Thursday, April 9, 2009

Close up

I spend a lot of time looking at things close up. For much of the winter and now into these weeks of early spring, I’d go out to the driveway, for instance, and stare at crow tracks in the snow, notice where small stones were visible beneath a patch of ice, study the juxtaposition of un-raked leaves against burgeoning shoots of grass. I took a lot of photographs, because much of what I saw was beautiful; I wanted to remember what it looked like, and I wanted to continue to study the photographs. I have frame after frame of abstract compositions; anyone looking at them would be puzzled at the subject matter. I might have to point out the thin layer of ice, the bubbles caught in and beneath its surface, the array of flattened vegetation or pebbles visible just below the crust. I’m intrigued by what is often overlooked. We are, as a species, capable of a narrowness of focus. This is often a favorable trait; intensity of focus helps us concentrate, helps us accomplish. But every day we overlook thousands of incidents, scenes, interactions, and conversations – many of which are of little consequence. But we also overlook distress and grief in those we care about. We overlook catastrophes of great magnitude. We overlook, for years and even lifetimes, entire continents of suffering. It is a survival mechanism. It is a necessity.

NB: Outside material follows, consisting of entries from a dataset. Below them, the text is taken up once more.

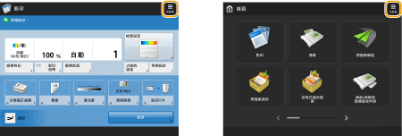 在 <首頁> 畫面上按下功能按鈕,會顯示可以存取影印、傳真和掃描等基本功能的基本功能畫面。雖然基本功能畫面的顯示和設定項目會由於功能而不同,不過您可以變更設定以符合您的需求。自訂基本功能畫面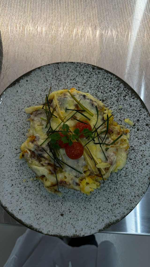 - Wahlweise mit spiegelei oder mit racelettekäse überbacken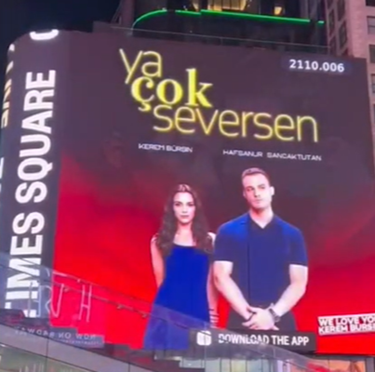 Başrolde Kerem Bürsin ve Hafsanur Sancaktutan’ı buluşturan 'Ya Çok Seversen' dizisinin tanıtımı, New York’un ünlü Times Meydanı’ndaki dev ekranda gösterildi.
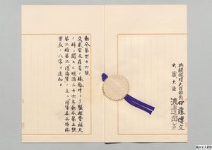 明治二十六年勅令第五号(文武官及雇員俸給中ヨリ製艦費補足ノ件)第二条中追加・御署名原本・明治二十七年・勅令第百十六号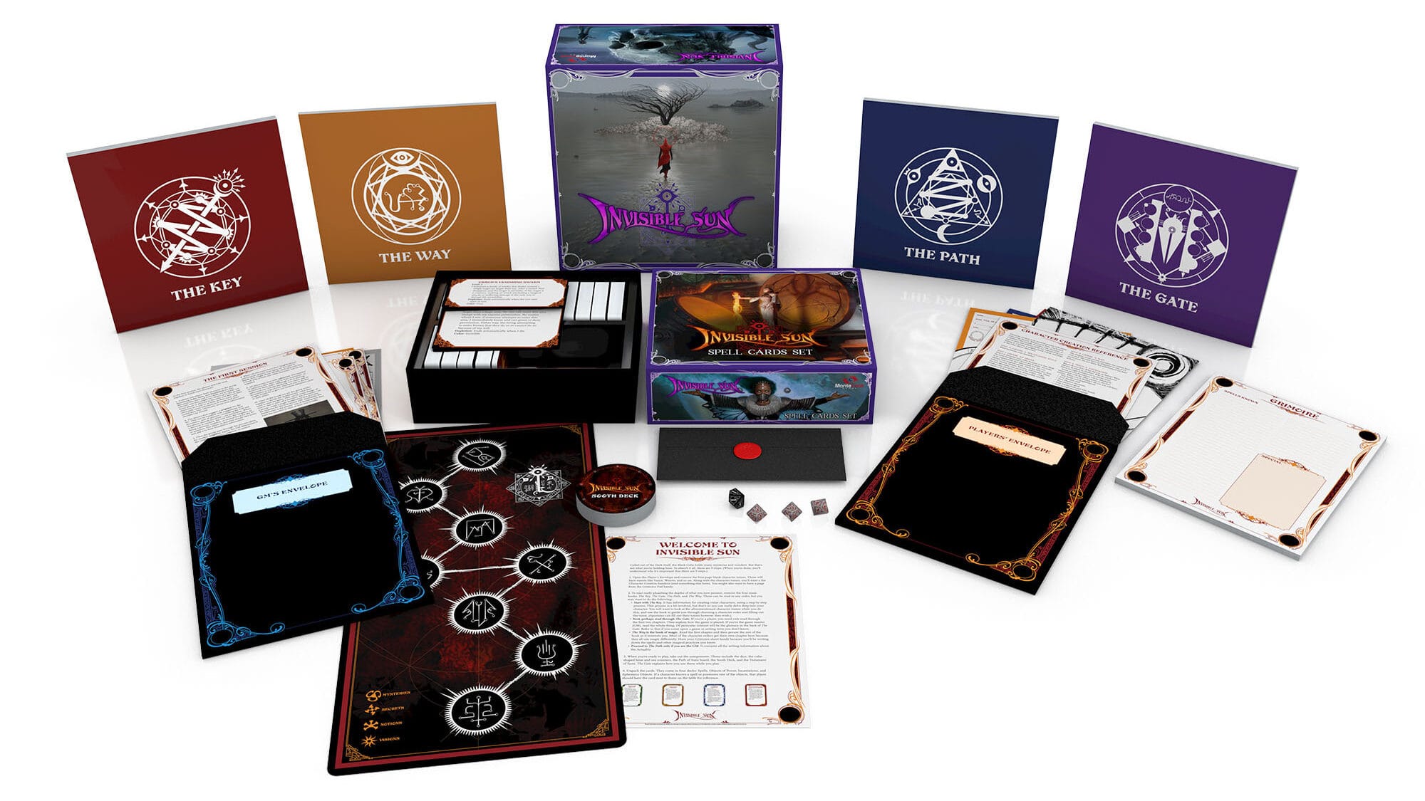 One forthcoming product of this sort is Invisible Sun: Indigo—a hefty boxed RPG with multiple books that also contains dice, a playmat, hundreds of cards, and numerous other components. It’s an expensive game to make, and adding high tariffs to its cost is ruinous. To minimize the impact of tariffs, we’re planning to decentralize production.

When I was a kid I read Dr. Seuss’s Horton Hears a Who. In it, Horton, an elephant, notices a sound coming from a speck of dust. That speck turns out to be an inhabited planet. Horton heroically pays attention, even in the face of ridicule and imprisonment. Not only does Horton notice the planet, he does something for the inhabitants. He takes action.

Although I believe that human beings are inherently good, I also believe that we regularly fail to act. We might notice, we might pay extended attention, we might speak about our beliefs, we might speak up or out when it is difficult to do so. All of that is well and good and, at times, even admirable. But most of us, most of the time, fail to do anything. We might send a check, volunteer a few hours of our time – I felt bad for those tsunami victims, those displaced by Katrina, those going hungry in the nearby shelter. Some of us show up to dish out dinner every Sunday or help hang drywall for an afternoon. Lots of us do good deeds when we can.

But look around. Family, friends, acquaintances, colleagues, co-workers, neighbors – a lot of people are overlooked. They are ill, they are stressed, they have lost or soon will lose a job, they can’t cope with the burdens of a long winter, they are lonely, they are afraid, they are confused, they are invisible.

We know this, don’t we? There’s nothing new here. Nothing new here, either: we look away.

I like to stack small, flat rocks. I don’t know why. I like the way they look. I have little stacks all over my study. Sometimes a passing truck or slamming door will cause them to topple. I re-stack them, carefully. To me, they are beautiful. For the most part, I neglect them after I stack them. Cobwebs form, and after a few weeks I might notice and dust them off, or just blow the cobwebs away. I can’t say that I pay much attention to these beautiful things I create, beyond the moment of composition. I say that I love them.

In much the same way, I think of my friends, my family, my students, my colleagues. I would say, in many cases, I love them. But I don’t pay enough attention. I sometimes look away. I often fail to act. This is done knowingly, willfully. The same might be true of you.

Today, all I can do is study this picture. I am caught up in the tilt of the rocks, I am a little mesmerized by the strands of the cobweb. The light draws me in. There is a kind of sadness in the photograph that is quietly appealing. Looking at pretty pictures is a nice way to spend an afternoon. But I wish I were doing something else. I wish I believed that tomorrow would be different. I wish we were all a little more like Horton.